Entries taken from a collection
......

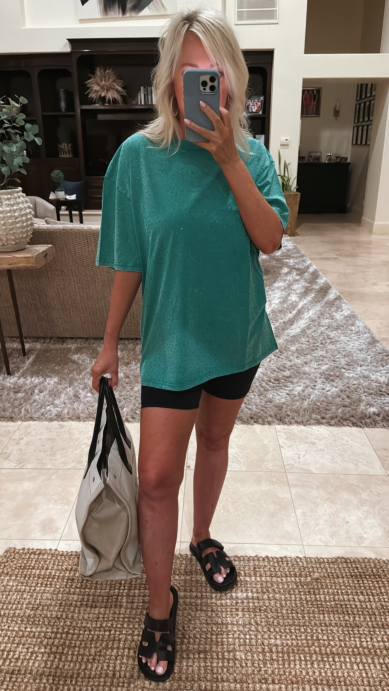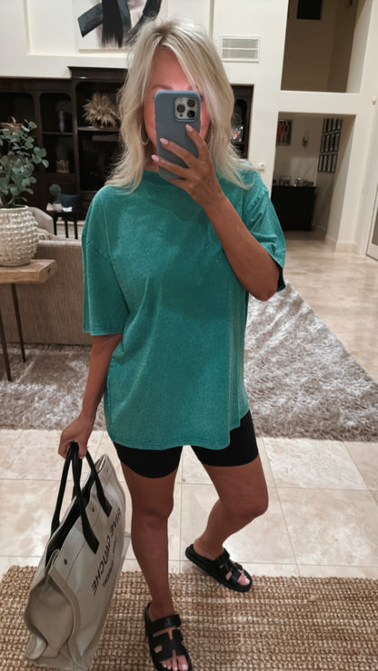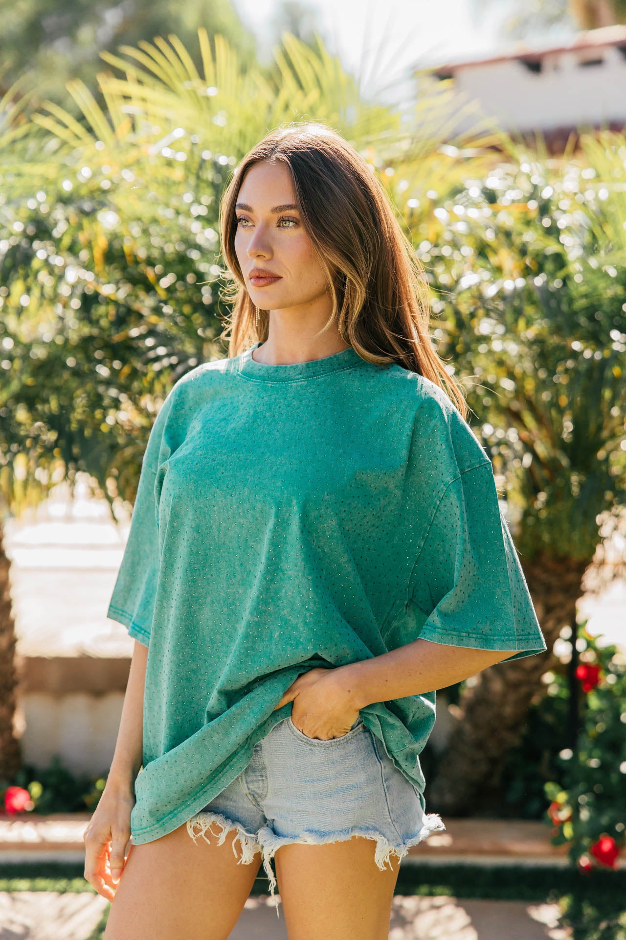 NEW!! "Brooklyn" Acid Wash Rhinestone Tee in Teal
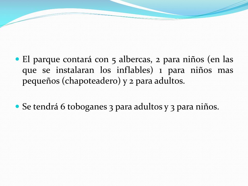 El parque contará con 5 albercas, 2 para niños (en las que se instalaran los inflables) 1 para niños mas pequeños (chapoteadero) y 2 para adultos. • Se tendrá 6 toboganes 3 para adultos y 3 para niños.
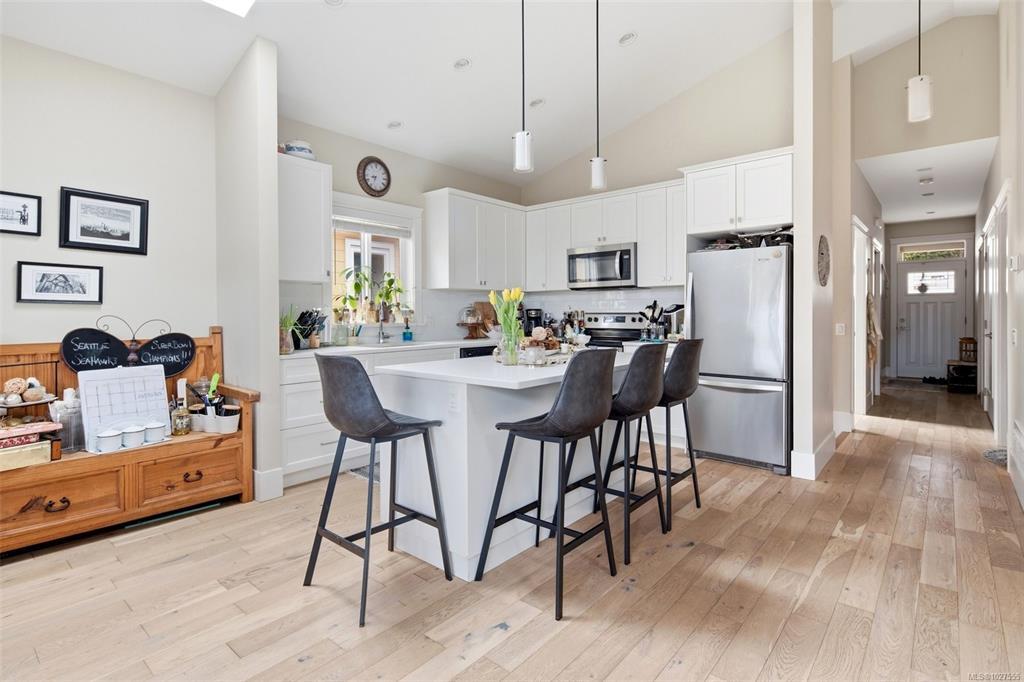 OPEN HOUSE SATURDAY MARCH 7TH FROM 1:00-3:00PM. Elevate your lifestyle in this newly built residence where vaulted ceilings and an airy, open-concept layout redefine modern comfort. Spanning 2,577 square feet, the main level centers on a culinary-grade kitchen featuring quartz surfaces, a pantry, and a social eat-at island—all framed by durable engineered wood flooring. Retreat to the primary suite, a private sanctuary complete with a tiled walk-in shower. Outdoor living is effortless on a deck designed for quiet mornings, while the walk-out lower level offers a versatile bonus room and extensive storage for an organized lifestyle. Efficiency meets style with forced-air heating and timeless tile finishes. Located steps from tranquil walking trails and Country Grocer, this home offers the perfect balance of seclusion and convenience. The partially fenced yard overlooks a quiet community walkway, emphasizing the move-in-ready quality of this well loved home.
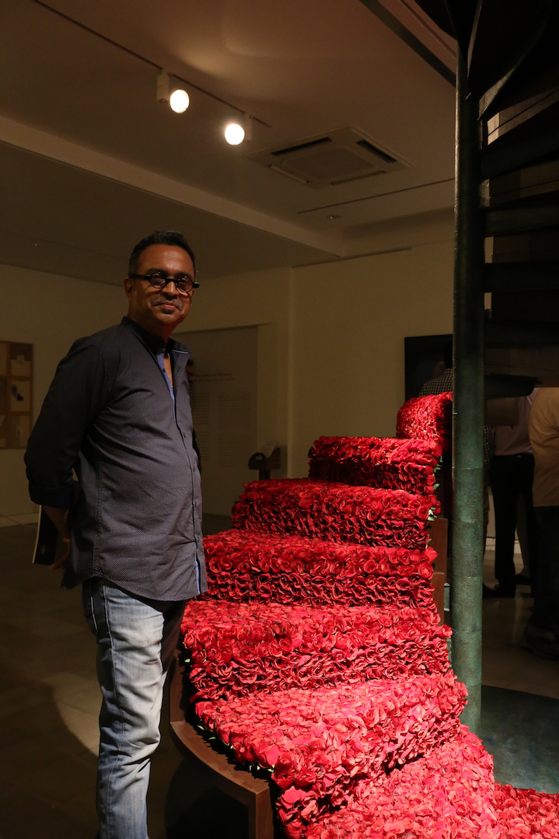 His artistic life history includes important way stops at the 53rd Venice Biennale with the two ton kinetic piece ‘Alliteration’ in the Arsenal ‘Making Worlds’ at the 53rd Venice Biennale, was curated by Daniel Birnbaum in 2009; this art work was also re-exhibited at Kunstmuseum Bochum, Germany in an exhibition titled ‘Sparsha’ curated by Thomas Hensolt in 2014; the razor blade garland ‘Virtually Untouchable’ for ‘Paris-Delhi-Bombay..’ curated by Sophie Duplaix and Fabrice Bousteau, Centre Pompidou, Paris, France in 2011; the 12 foot stainless steel pendulum ‘Vicious Circle’ for the event ‘Finding India’ MOCA (Museum of Contemporary Art), Taipei, Taiwan 2010; the famous gigantic ‘Blind Bulbs’, dominating Jumeira Beach for the special project ‘Gulf Art Fair’ in 2007.
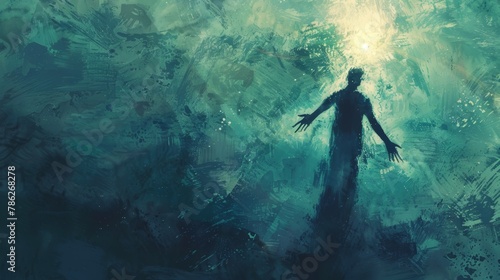 Shadow Figure Emerging from Turbulent Aqua Hues: A Vision of Overcoming and Hope
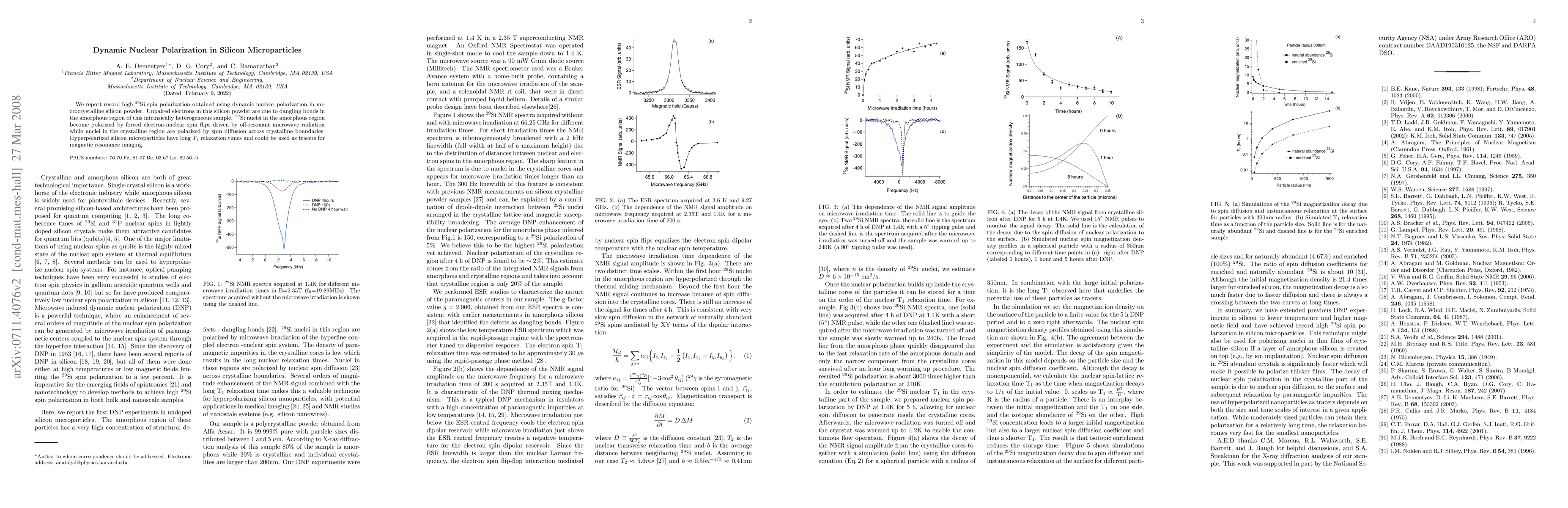 This study achieves record high polarization of Si-29 nuclei in microcrystalline silicon powder via dynamic nuclear polarization, utilizing microwave radiation to flip electron-nuclear spins. The polarized nuclei, with long T1 relaxation times, could serve as effective tracers for magnetic resonance imaging.

......

## WHAT NEEDS TO BE DONE
Write out all the entries word for word, but skip any images.

## RESPONSE TO THE EXERCISE
 NEW!! "Brooklyn" Acid Wash Rhinestone Tee in Teal
 El parque contará con 5 albercas, 2 para niños (en las que se instalaran los inflables) 1 para niños mas pequeños (chapoteadero) y 2 para adultos. • Se tendrá 6 toboganes 3 para adultos y 3 para niños.
 OPEN HOUSE SATURDAY MARCH 7TH FROM 1:00-3:00PM. Elevate your lifestyle in this newly built residence where vaulted ceilings and an airy, open-concept layout redefine modern comfort. Spanning 2,577 square feet, the main level centers on a culinary-grade kitchen featuring quartz surfaces, a pantry, and a social eat-at island—all framed by durable engineered wood flooring. Retreat to the primary suite, a private sanctuary complete with a tiled walk-in shower. Outdoor living is effortless on a deck designed for quiet mornings, while the walk-out lower level offers a versatile bonus room and extensive storage for an organized lifestyle. Efficiency meets style with forced-air heating and timeless tile finishes. Located steps from tranquil walking trails and Country Grocer, this home offers the perfect balance of seclusion and convenience. The partially fenced yard overlooks a quiet community walkway, emphasizing the move-in-ready quality of this well loved home.
 His artistic life history includes important way stops at the 53rd Venice Biennale with the two ton kinetic piece ‘Alliteration’ in the Arsenal ‘Making Worlds’ at the 53rd Venice Biennale, was curated by Daniel Birnbaum in 2009; this art work was also re-exhibited at Kunstmuseum Bochum, Germany in an exhibition titled ‘Sparsha’ curated by Thomas Hensolt in 2014; the razor blade garland ‘Virtually Untouchable’ for ‘Paris-Delhi-Bombay..’ curated by Sophie Duplaix and Fabrice Bousteau, Centre Pompidou, Paris, France in 2011; the 12 foot stainless steel pendulum ‘Vicious Circle’ for the event ‘Finding India’ MOCA (Museum of Contemporary Art), Taipei, Taiwan 2010; the famous gigantic ‘Blind Bulbs’, dominating Jumeira Beach for the special project ‘Gulf Art Fair’ in 2007.
 Shadow Figure Emerging from Turbulent Aqua Hues: A Vision of Overcoming and Hope
 This study achieves record high polarization of Si-29 nuclei in microcrystalline silicon powder via dynamic nuclear polarization, utilizing microwave radiation to flip electron-nuclear spins. The polarized nuclei, with long T1 relaxation times, could serve as effective tracers for magnetic resonance imaging.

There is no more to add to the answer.